Елизавета. Любовь Королевы-девственницы - Наталья Павлищева
Шрифт:
Интервал:
Закладка:
Едва переступив порог ее комнаты для занятий и прикрыв дверь, гонец достал из-за пазухи еще один свиток:
– Это Вам, миледи…
Вместо печати просто оттиск чего-то невразумительного. Автор осторожен… Взламывая сургуч, Елизавета внимательно смотрела не на письмо, а на его подателя. Гонец стоял, как ни в чем не бывало. Хотелось спросить, от кого, но пока промолчала.
«Король умер. Не спешите…»
И вензель – замысловато переплетенные буквы W и S. Никто при дворе не пользовался таким вензелем, потому что Елизавета придумала его сама, это были инициалы Уильяма Сесила, секретаря герцога. Однажды, забавляясь, девочка Бесс переплела две буквы именно так, и Сесил забрал себе образец, сказав, что когда-нибудь обязательно воспользуется рисунком в качестве монограммы. Пока не воспользовался…
И снова Елизавета внимательно разглядывала гонца. От кого он? А что если Сесил заодно с герцогом? Но ей больше не на кого положиться.
– Миледи, сожгите…
Она еще раз пригляделась к письму и вдруг чуть улыбнулась: сомневаться не стоило, Сесил просто дописал свое послание на том самом листе, что она давным-давно разрисовала! Гонец прав, как ни жаль, а рисунок полетел в огонь камина.
– Передайте герцогу, что я очень больна… Но как только смогу, непременно поспешу в Уайт-холл. Я даже писать не в состоянии, вы же видите?

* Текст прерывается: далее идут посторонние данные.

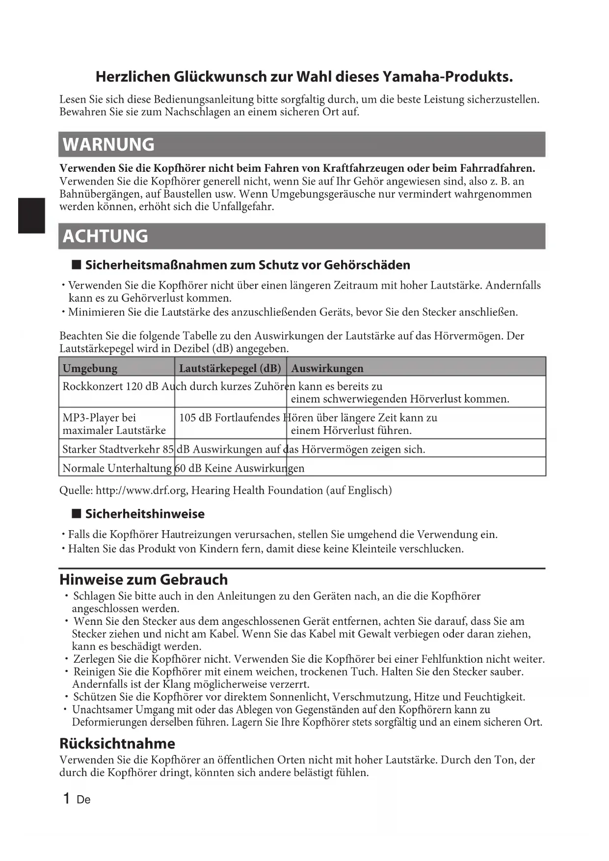 Herzlichen Glückwunsch zur Wahl dieses Yamaha-Produkts.

– Да, миледи, я так и передам. Желаю Вам выздоровления, миледи…
Он уже развернулся к двери, когда Елизавета все же не выдержала:
– Когда?..
Не оборачиваясь, гонец произнес: «Вчера», – и вышел вон.
Прислушиваясь к его удаляющимся шагам, Елизавета разрыдалась. Умер ее любимый братик Эдуард, а она даже не может съездить проститься без риска снова оказаться в Тауэре! Так в слезах свою подопечную и застала Кэт Эшли.

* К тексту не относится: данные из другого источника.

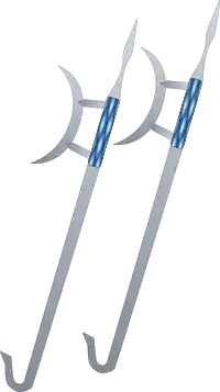 Certaines écoles de Ba Gua Zhang s'exercent aussi avec une arme similaire, souvent appelé « Couteaux des cornes du cerf (en) » ou « Couteaux du Canard mandarin ». Ces armes comportent typiquement un crochet principal beaucoup plus court ou même absent, et leur utilisation se concentre plus sur le découpage et les lames poignardantes disposées autour de la garde.

– Что случилось?! Почему Вы плачете?!
Прошептав: «Эдуард умер», – Елизавета громко объявила:
– Я больна! Кэт, я так больна, что не смогу встать с постели в ближайшие несколько недель! Помоги мне добраться до спальни.

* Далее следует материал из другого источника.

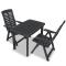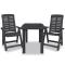 bistro 3 pcs Plastique AnthraciteCet ensemble de bistro résistant aux intempéries sera un excellent choix pour manger en plein air dans le jardin, sur le patio ou au camping. La table de jardin dispose d'un trou pour parasol donc vous pouvez l'utiliser avec un parasol et garder la fraîcheur à l'ombre. Les dossiers des chaises ont 4 positions d'inclinaison, donc vous pouvez toujours trouver la position la plus confortable. Les chaises peuvent être pliées pour économiser de l'espace lorsqu'elles ne sont pas utilisées. L'ensemble est fait de plastique durable, rendant la table et les chaises résistantes aux intempéries et faciles à nettoyer. Cet ensemble de salle à manger d'extérieur est également léger, ce qui le rend facile à déplacer. La livraison comprend 1 table et 2 chaises pliantes. Maximum 110 kg par siège.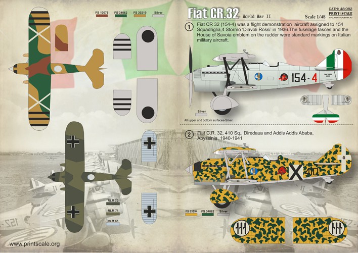 Calcas a escala 1/48 para el Fiat CR32 de la marca Print Scale.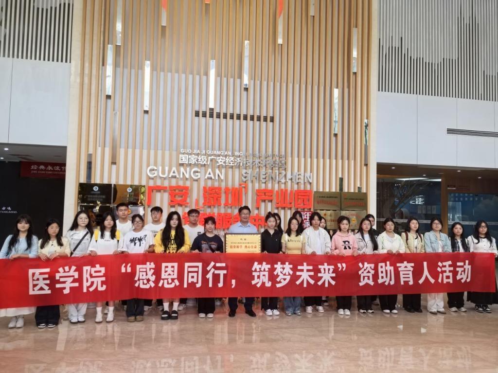 为深入贯彻落实国家资助政策,深化资助育人成效,激励受助学生奋发自强、感恩奉献,4月23日下午,医学院组织开展“感恩同行,筑梦未来”资助育人走进广安深广产业园研学活动。2024年度“易人和奖学金”获奖学生及新生助学金获得者等30余名学生参加活动。易人和科技集团有限责任公司董事长罗中华,医学院党总支书记喻忠,党总支副书记吴黎明,组织员汪建宏,学生科科长陈江及学生科全体教师及辅导员代表出席。

Эшли не из тех, кого можно так легко обмануть, тем более свою дорогую Бесс она знала прекрасно, а потому действительно обхватила за талию и завопила на весь дворец:
– Помогите, Ее Высочество плохо себя чувствует!
Пока не успели подбежать служанки, Кэт предупредила:
– Никому не говорите о полученном письме…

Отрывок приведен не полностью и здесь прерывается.